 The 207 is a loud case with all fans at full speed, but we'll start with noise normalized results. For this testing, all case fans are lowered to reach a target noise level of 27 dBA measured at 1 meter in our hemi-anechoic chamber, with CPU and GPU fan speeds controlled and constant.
==
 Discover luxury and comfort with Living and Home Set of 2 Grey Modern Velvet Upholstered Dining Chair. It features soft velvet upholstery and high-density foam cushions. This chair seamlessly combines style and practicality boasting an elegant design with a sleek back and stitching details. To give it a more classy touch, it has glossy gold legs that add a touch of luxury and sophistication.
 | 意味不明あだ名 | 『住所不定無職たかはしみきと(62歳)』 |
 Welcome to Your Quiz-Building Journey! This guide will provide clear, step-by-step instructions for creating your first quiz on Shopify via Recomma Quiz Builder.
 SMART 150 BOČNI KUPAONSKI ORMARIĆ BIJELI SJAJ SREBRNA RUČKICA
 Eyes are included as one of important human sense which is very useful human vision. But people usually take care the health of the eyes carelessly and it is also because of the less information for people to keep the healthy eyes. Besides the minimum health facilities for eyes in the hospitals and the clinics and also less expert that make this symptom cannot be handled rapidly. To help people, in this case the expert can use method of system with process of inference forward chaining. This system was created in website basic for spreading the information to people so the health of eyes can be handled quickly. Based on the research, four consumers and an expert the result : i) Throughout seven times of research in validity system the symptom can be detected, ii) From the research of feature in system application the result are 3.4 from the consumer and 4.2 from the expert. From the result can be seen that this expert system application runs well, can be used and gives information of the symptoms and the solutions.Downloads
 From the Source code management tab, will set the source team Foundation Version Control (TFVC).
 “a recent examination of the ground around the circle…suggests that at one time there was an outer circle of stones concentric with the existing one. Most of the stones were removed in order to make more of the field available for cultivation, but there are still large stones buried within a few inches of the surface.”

## WHAT YOU ARE ASKED TO DO
Pull each line that includes the word "more" out of the material above.

## ANSWER TO THIS EXERCISE
 Discover luxury and comfort with Living and Home Set of 2 Grey Modern Velvet Upholstered Dining Chair. It features soft velvet upholstery and high-density foam cushions. This chair seamlessly combines style and practicality boasting an elegant design with a sleek back and stitching details. To give it a more classy touch, it has glossy gold legs that add a touch of luxury and sophistication.
 “a recent examination of the ground around the circle…suggests that at one time there was an outer circle of stones concentric with the existing one. Most of the stones were removed in order to make more of the field available for cultivation, but there are still large stones buried within a few inches of the surface.”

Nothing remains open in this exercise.